Cfmartin - See, I wasn't even dx'd with tachycardia - that is where I'm a bit confused. Maybe I was just having a really good moment during the TTT, but at the time my one leg went numb and I was having some symptoms, however my test listed me as asymptomatic, which I don't fully agree with.

yogini - Thanks for the confirmation. I tested my blood pressure at one of the machines at the store the other day. I tried to sit for a minute and be calm. 123/84 with a pulse of 90. I have not looked into inappropriate sinus tachycardia, but this seems like a very appropriate thing to check further. I do sincerely believe that the anxiety, sweating, and adrenaline response is probably at least mediated by something underlying that has yet to be found. I also wonder if I'm having a reaction to the Pamelor, which has been keeping 95% of my migraines away, as well as suppressing the constant auras I was having. The iPhone app is surprisingly quite accurate, as I've verified it when tested by other means (by hand, BP machines).

At least thus far, I feel that my treatment has been too conservative. There are many weeks to months between appointments, and very few new things tried. I'm hesitant to drugs due to my medication sensitivity, but I'm been getting restless and asking the doctors if there is anything else we can try!! This may also be a telltale sign that I should at least look into IST further - I've recently tried Eucommia bark, which is an herb that is a non-selective Beta blocker, and is being discussed elsewhere on the forum. It definitely made a very distinct change in the way I feel, at least calming the feelings in my chest and bringing a calm I haven't known in a long time. Given the high prevalence of using Betas in these various disorders, I'm not surprised at its beneficial results.

As a matter of fact, I've been talking about Betas with BOTH my neuros for months, and neither has even suggested trying them (dismissing my suggestion, if anything) until I pressed at my EKG that I'm not well enough to work yet, and I wanted to know what other options we had. At that point I was told Topamax and Propranolol might be options.

I'm just wondering at this point if it would be easier to start over at a place that handles this more often, like Mayo, and make sure all the stones get flipped over, just in case there is something else funny going on in conjunction with / in addition to the presentation of POTS like symptoms, that wouldn't normally be considered.

My inquiries about a Holter monitor, MCAS testing, etc have fallen on deaf ears thus far.

I've babbled enough for now - my racing heart wouldn't let me fall back asleep , so I went outside and pulled some weeds after last night's much needed rain, and then decided to reply here.

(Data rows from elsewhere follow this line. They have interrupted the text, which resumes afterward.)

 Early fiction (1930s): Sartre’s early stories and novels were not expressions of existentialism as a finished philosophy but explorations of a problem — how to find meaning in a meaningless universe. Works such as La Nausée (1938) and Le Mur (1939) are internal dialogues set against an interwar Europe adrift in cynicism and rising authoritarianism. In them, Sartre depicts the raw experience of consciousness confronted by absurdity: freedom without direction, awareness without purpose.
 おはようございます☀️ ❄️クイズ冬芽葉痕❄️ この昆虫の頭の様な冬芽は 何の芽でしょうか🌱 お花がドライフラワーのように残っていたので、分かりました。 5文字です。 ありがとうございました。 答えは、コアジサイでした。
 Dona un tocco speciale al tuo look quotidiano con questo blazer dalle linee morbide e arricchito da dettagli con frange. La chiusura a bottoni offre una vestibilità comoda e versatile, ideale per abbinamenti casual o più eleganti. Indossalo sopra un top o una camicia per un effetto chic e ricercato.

I've got to say that it feels nice to finally realize I'm not alone with all these crazy symptoms, and that I'm most likely just starting to find things that can help bring balance back to this insanity.

[flyingsquirrel]

I'm new here, but I have had IST for a long time.

IST is tricky to diagnose because it consists of a relatively high resting heart rate (which can still fall in the "normal" range for some people) and an inapproprate rise in heart rate to even the most minor exertion (walking, eating, etc). This is caused by overactivity/hypersensitivity of the cardiac sympathetic innervation and/or a deficiency in the cardiac parasympathetic innervation.

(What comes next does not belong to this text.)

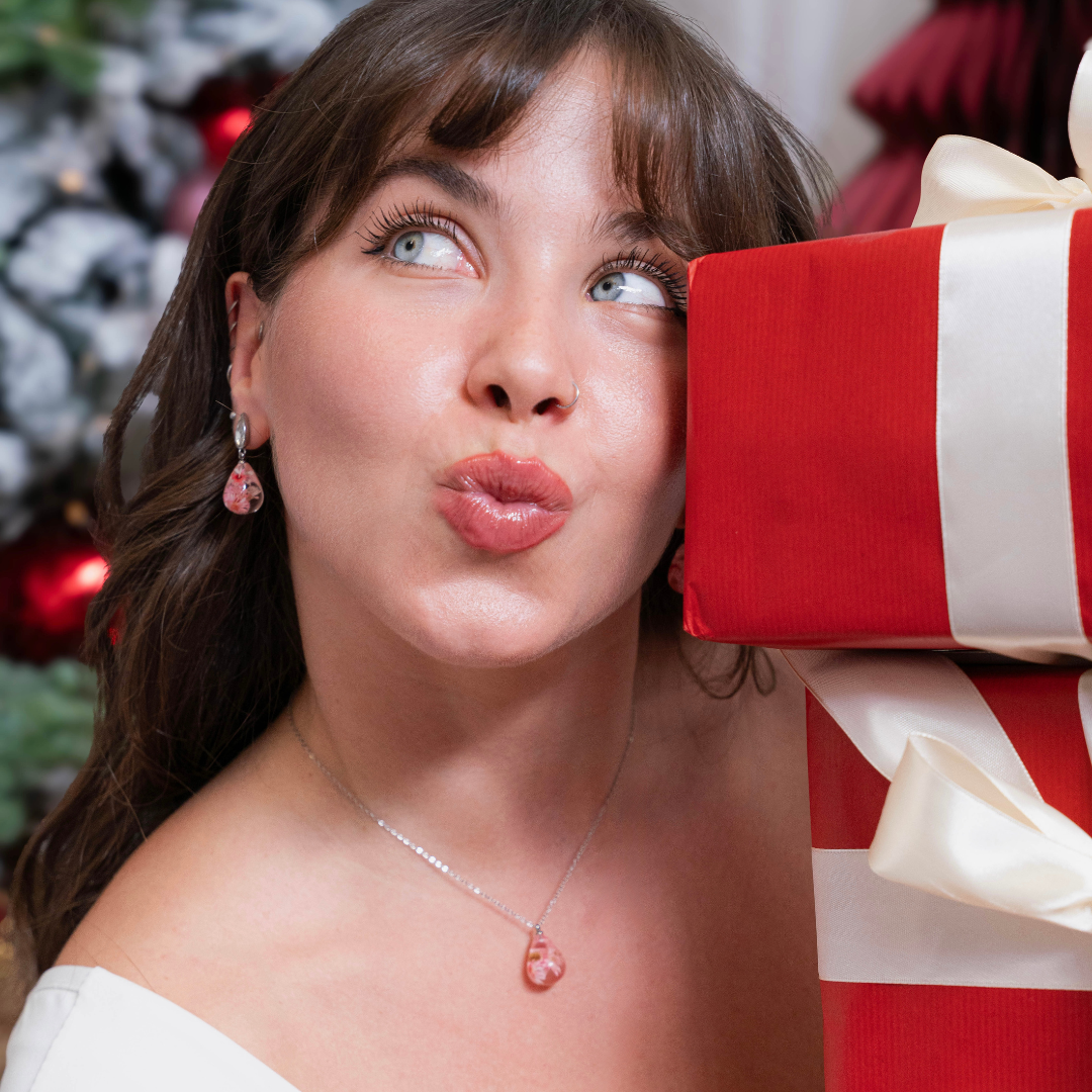 Collana in resina con fiori veri, progettati in Italia da Sara Raspanti. Realizzati in acciaio inox di alta qualità e rifinita a mano con fiore di Glixia incastonata nella resina epossidica.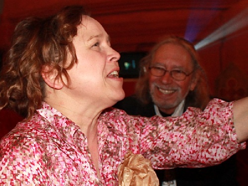 Plötzlich hat sich die Stimmung wieder gedreht. Birte und Rabbi Blumenfeld sind wieder bester Laune.

Tilt table tests should be negative for a diagnosis of IST, although people with IST will be hypersensitive to isoprotenonol (my last TTT they used less than 1/4 the normal dose and my HR was over 180 before they stood me up (and I was still on all my meds)).

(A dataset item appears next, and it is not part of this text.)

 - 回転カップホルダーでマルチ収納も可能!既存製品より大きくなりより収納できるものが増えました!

Non selective beta blockers are the first line treatment, however such a high dose is usually required that some people cannot tolerate the side effects.

Good luck if you decide to go to Mayo...I didn't have a great experience with cardiology there. They kept wanting to treat me like a POTS patient and when my testing didn't fit the POTS profile (because I don't have POTS) they pretty much told me it was all in my head (despite years of documentation and a soild IST digagnosis.)